Rozdział 2 ( druga część )
* Oczami Justina *
Moja młodsza siostra i Victoria wyszły na taras, a ja obserwowałem je dopóki nie zniknęły z mojego pola widzenia.
- Lubisz Victorię - stwierdziła Cara siadając obok mnie na fotelu
- Nie - zaprzeczyłem od razu, choć nie było to prawdą. Dziewczyna się zaśmiała
- Znam Cię bardzo dobrze Justin. Widzę kiedy kłamiesz i właśnie to robisz - uśmiechnęła się. Miała rację. Westchnąłem.

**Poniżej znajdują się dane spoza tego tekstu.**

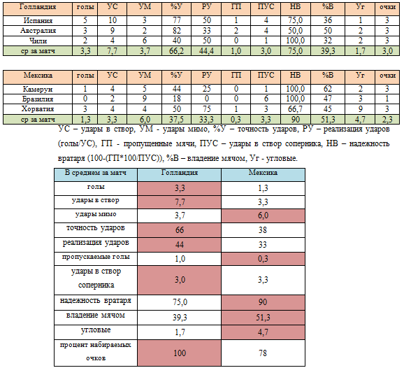 Сборная Голландии на этом турнире славится своими быстрыми атаками. В среднем они всего 39% времени контролируют мяч, что не мешает им быть одной из самых острых команд. В среднем за поединок они наносят по 7,7 удара в створ и забивают по 3,3 мяча. Просто какая-то «антитики-така». У мексиканцев на это есть свой ответ. Они пропусти всего 1 гол, а надежность их вратаря достигает 90% (9 сейвов из 10 ударов в створ). «Найдет ли голландская коса на мексиканский камень?» – главный вопрос данного противостояния.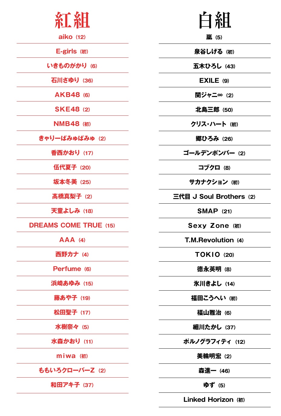 》片頭曲的 Linked Horizon 將首度於紅白演唱,而人氣聲優歌手 水樹奈奈則是第五度登上紅白舞台。

- Masz rację. Lubię ją. Ale co z tego ?
- Powiedz jej o tym - uśmiechnęła się. Jak zawsze pozytywna Cara
- Nie mogę
- Dlaczego ? - spytała zdziwiona
- Victoria mnie nie lubi i dobrze o tym wiesz
- Spróbować możesz Justin - uśmiechnęła się, co ja odwzajemniłem. Do salonu weszła moja mama z Jaxonem. Chłopiec od razu do mnie podbiegł.
- Cara, pomożesz mi przy kolacji ? - spytała mama
- Jasne - odpowiedziała moja kuzynka i razem poszły do kuchni. Ja z moim przyrodnim bratem wyszedłem na mały plac zabaw, który znajdował się na mojej posesji.
* Oczami Victorii *
Usiadłam na huśtawce i zwróciłam się do Justina :
- Pohuśtaj mnie
- Słucham ? - spojrzał na mnie
- Powiedziałam byś mnie pohuśtał - wzruszyłam ramionami
Bieber uśmiechnął się i podszedł od tyłu pchając pare razy huśtawkę. Śmiałam się i bawiłam jak małe dziecko. Huśtawka się zatrzymała, a ja dalej na niej siedziałam uśmiechając się
- Jak dziecko - pokręcił głową Justin i zaśmiał się
- Oj zamknij się - powiedziałam i uderzyłam go delikatnie w ramię.
Justin uśmiechnął się co ja odwzajemniłam, poczułam jak moje policzki robią się czerwone. Victoria, co z tobą ? Nie lubisz go - pomyślałam i spuściłam głowę. Justin podszedł bliżej, złapał kciukiem mój podbródek i podniósł głowę. Głęboko patrzał swoimi czekoladowymi tęczówkami w moje błękitne oczy. Uśmiechnął się, a ja ponownie poczułam, że się rumienię.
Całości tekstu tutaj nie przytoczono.